=== Work instructions ===
Return only the lines from the start of the records through the line that contains "পরে উপস্থিত বাজারের", inclusive; leave out all pictures.

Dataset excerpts
# # # #

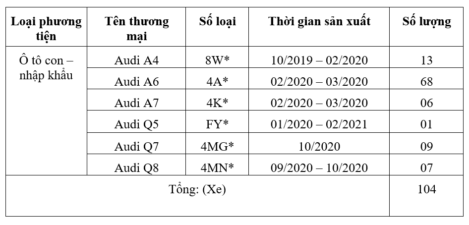 | Chi tiết các model xe Audi do Công ty TNHH Ô tô Á Châu nhập khẩu và phân phối được triệu hồi |
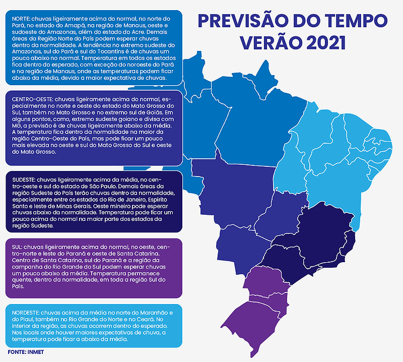 Em 2021, o brasileiro pode esperar um verão quente e chuvoso. Segundo a meteorologista Nayane Araujo, do Instituto Nacional de Meteorologia, o fenômeno La Niña contribui para a previsão de chuvas ligeiramente acima da média, na maior parte do País, com temperaturas elevadas.
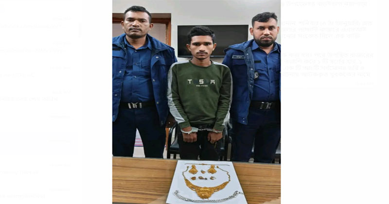 পরে উপস্থিত বাজারের নৈশ প্রহরী ও স্থানীয় লোকজনদের সামনে তার হাতে থাকা ব্যাগ তল্লাশি করে ১টি স্বর্ণের হার, ১ জোড়া কানের গহনা,২ রকমের দুটি কানের দুল, একটি ব্রেসলেট, ১টি আংটি সর্বমোট ৪ ভরি ৪ আনা এবং ২ ভরি ওজনের ১টি রুপার চেইন উদ্ধার করা হয়।
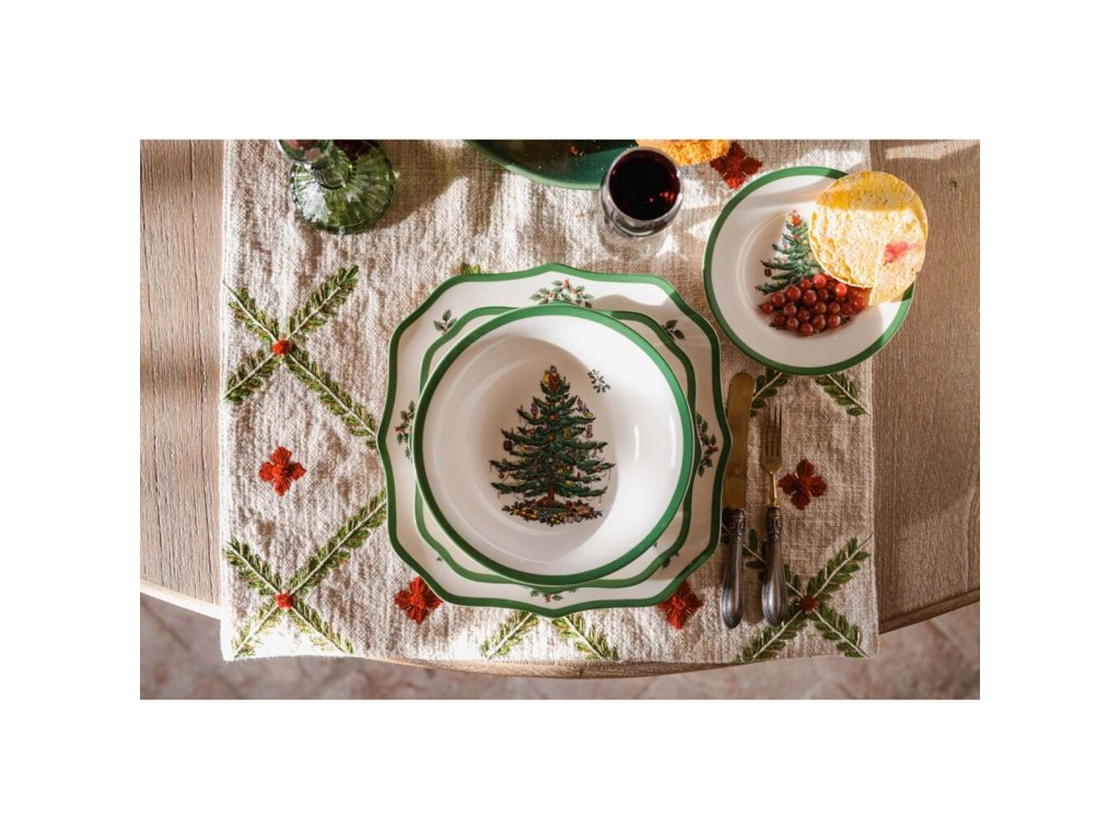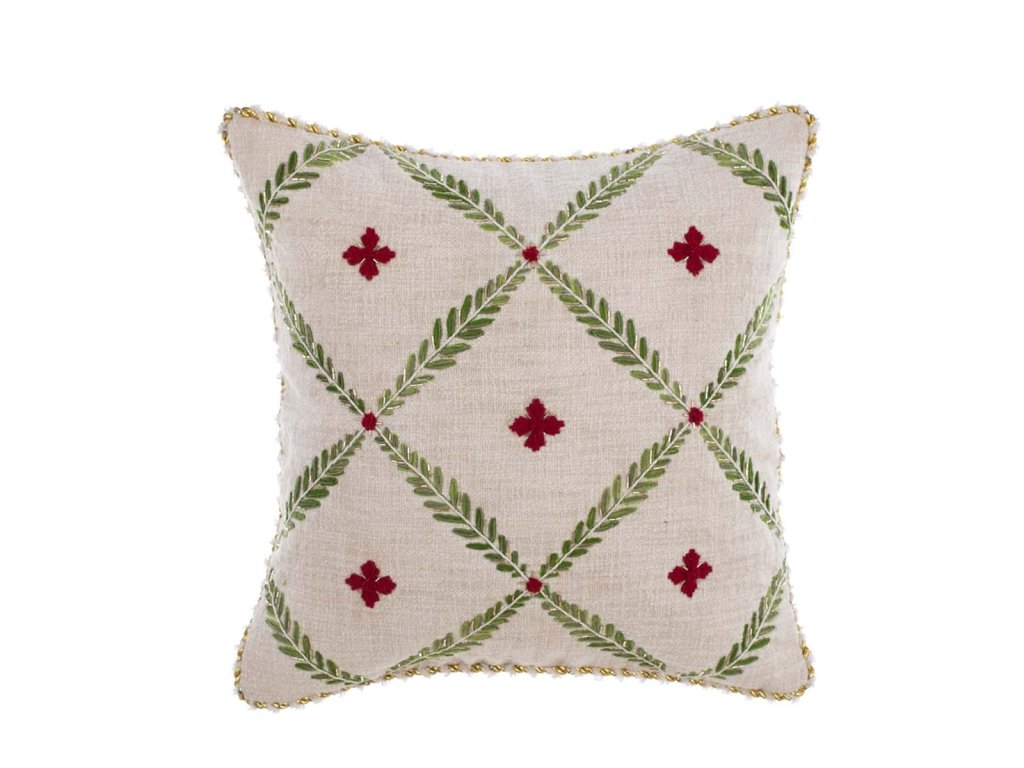 Elegantný vianočný bavlnený vankúš od značky Blanc Maricló z Toskánska. Vyrobený zo 100% bavlny. Béžový podklad zdobí výšivka so vzormi a lemovaním– ideálny na sviatočné doladenie interiéru.
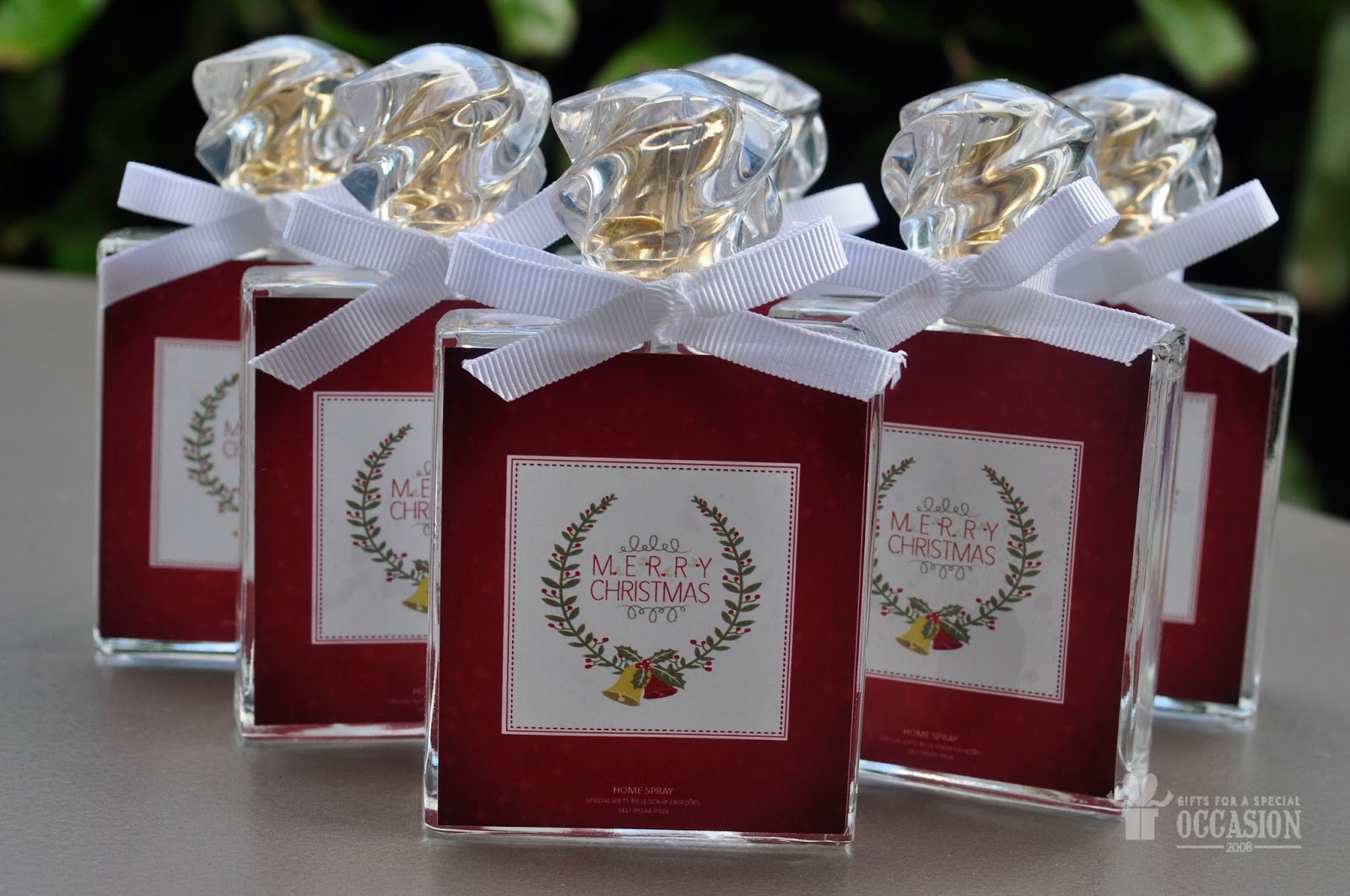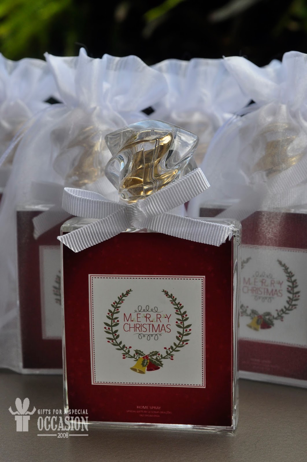 Home Spray modelo Chanel de 50ml com rótulo personalizado acompanha saquinho de organza e mensagem com votos de natal.
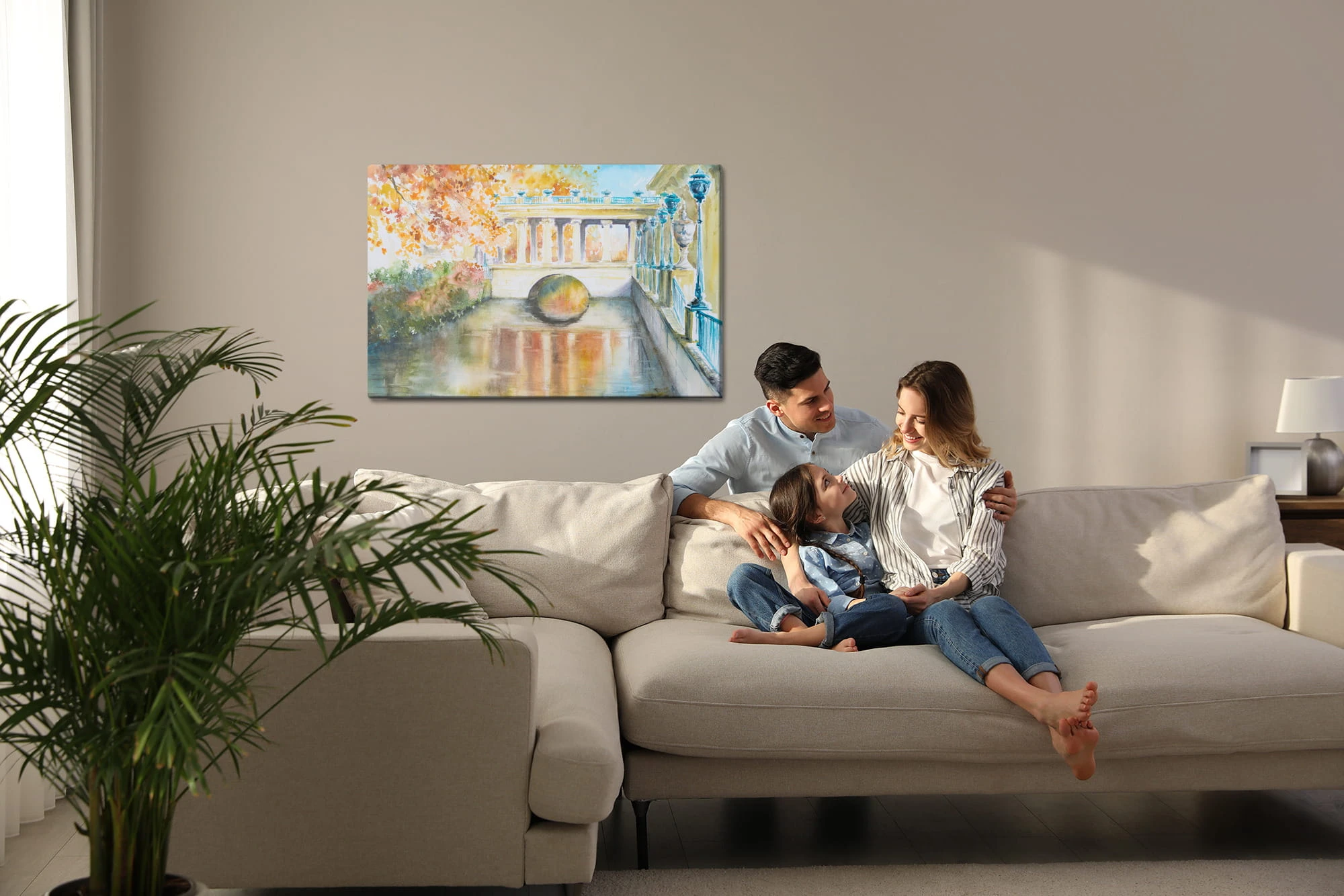 Fotograficzna jakość wydruku, wysokiej jakości płótno naciągnięte na prawdziwą drewnianą ramę. Bezpiecznie zapakowane, gotowe do powieszenia na ścianie. Drukowane w ekologicznej, bezwonnej i w pełni bezpiecznej technologii HP Latex.

# # # #

=== Output for this task ===
 | Chi tiết các model xe Audi do Công ty TNHH Ô tô Á Châu nhập khẩu và phân phối được triệu hồi |
 Em 2021, o brasileiro pode esperar um verão quente e chuvoso. Segundo a meteorologista Nayane Araujo, do Instituto Nacional de Meteorologia, o fenômeno La Niña contribui para a previsão de chuvas ligeiramente acima da média, na maior parte do País, com temperaturas elevadas.
 পরে উপস্থিত বাজারের নৈশ প্রহরী ও স্থানীয় লোকজনদের সামনে তার হাতে থাকা ব্যাগ তল্লাশি করে ১টি স্বর্ণের হার, ১ জোড়া কানের গহনা,২ রকমের দুটি কানের দুল, একটি ব্রেসলেট, ১টি আংটি সর্বমোট ৪ ভরি ৪ আনা এবং ২ ভরি ওজনের ১টি রুপার চেইন উদ্ধার করা হয়।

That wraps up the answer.